### PROVIDED DATA:
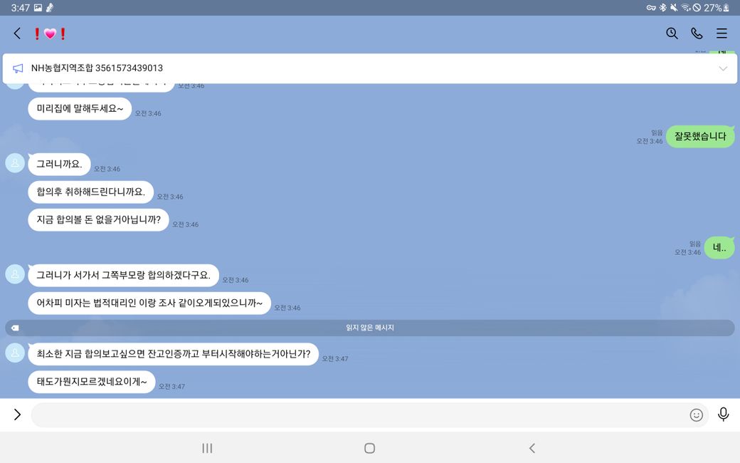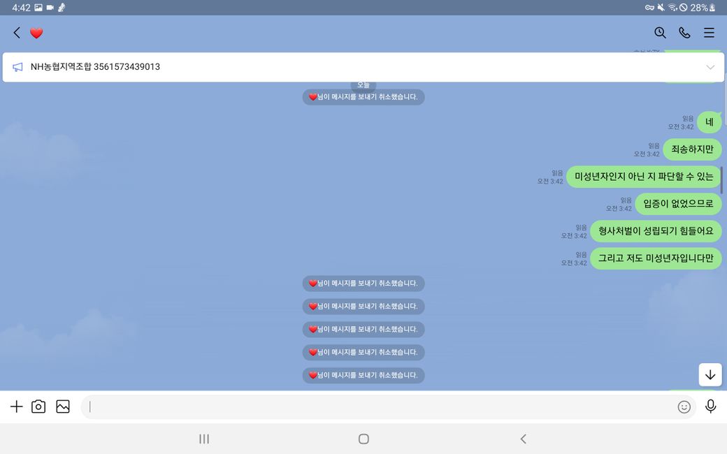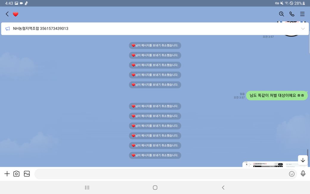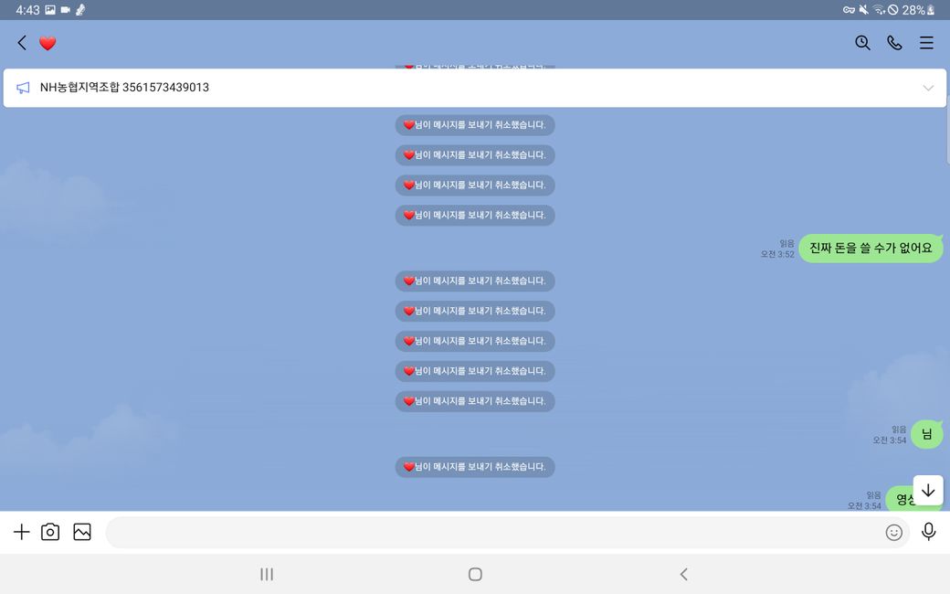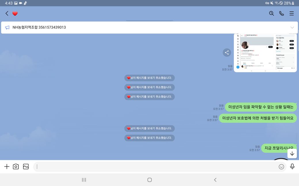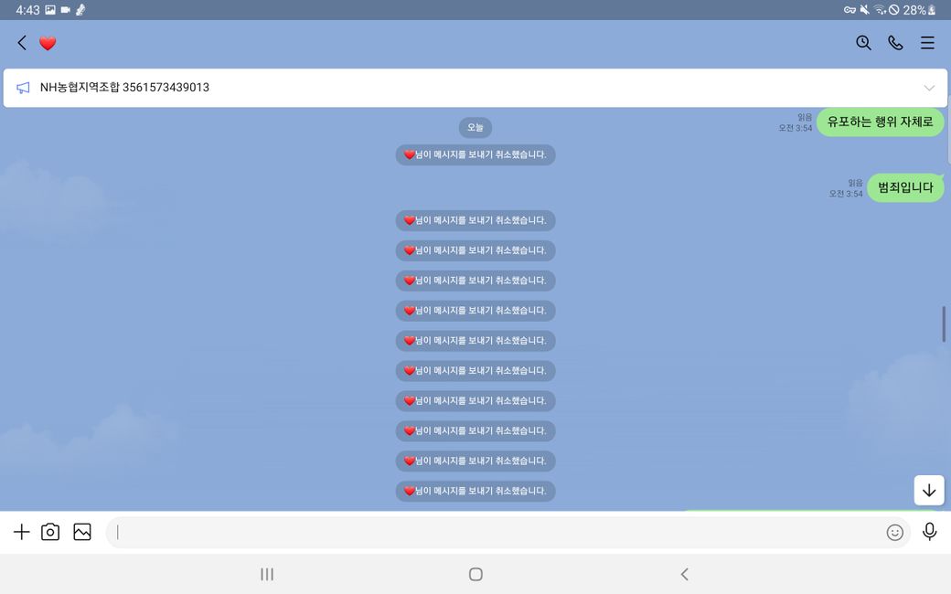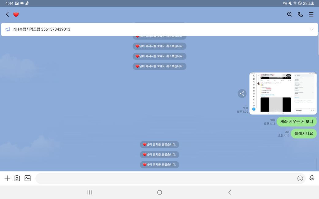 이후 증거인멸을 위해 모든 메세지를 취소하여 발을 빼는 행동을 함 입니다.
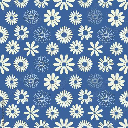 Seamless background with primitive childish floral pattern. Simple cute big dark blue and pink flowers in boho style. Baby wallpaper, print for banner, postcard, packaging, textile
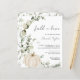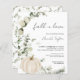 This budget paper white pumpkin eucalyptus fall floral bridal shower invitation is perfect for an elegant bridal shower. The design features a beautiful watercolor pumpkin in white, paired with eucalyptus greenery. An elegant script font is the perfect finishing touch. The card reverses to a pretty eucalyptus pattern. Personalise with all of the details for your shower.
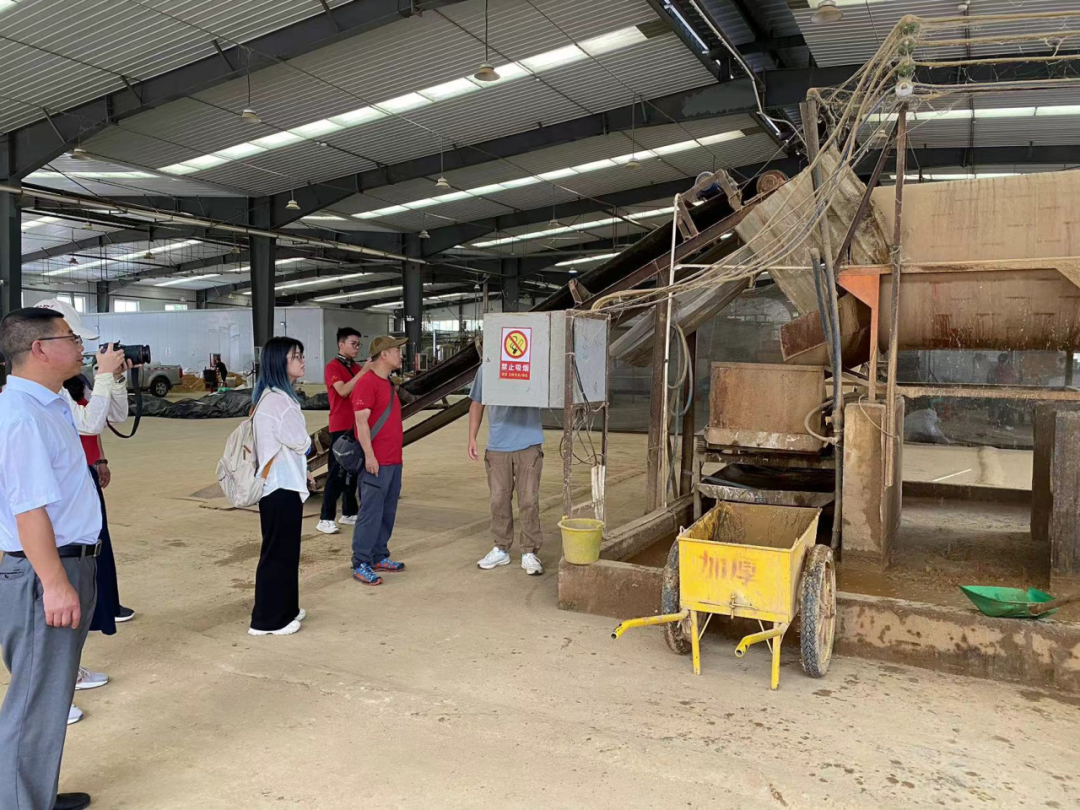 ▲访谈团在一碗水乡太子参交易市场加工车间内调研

### EXERCISE INSTRUCTIONS:
Wording must stay exact. Give again the lines from the line with "This budget paper" through the last line of the listing, both ends included, without pictures.

### REPLY:
 This budget paper white pumpkin eucalyptus fall floral bridal shower invitation is perfect for an elegant bridal shower. The design features a beautiful watercolor pumpkin in white, paired with eucalyptus greenery. An elegant script font is the perfect finishing touch. The card reverses to a pretty eucalyptus pattern. Personalise with all of the details for your shower.
 ▲访谈团在一碗水乡太子参交易市场加工车间内调研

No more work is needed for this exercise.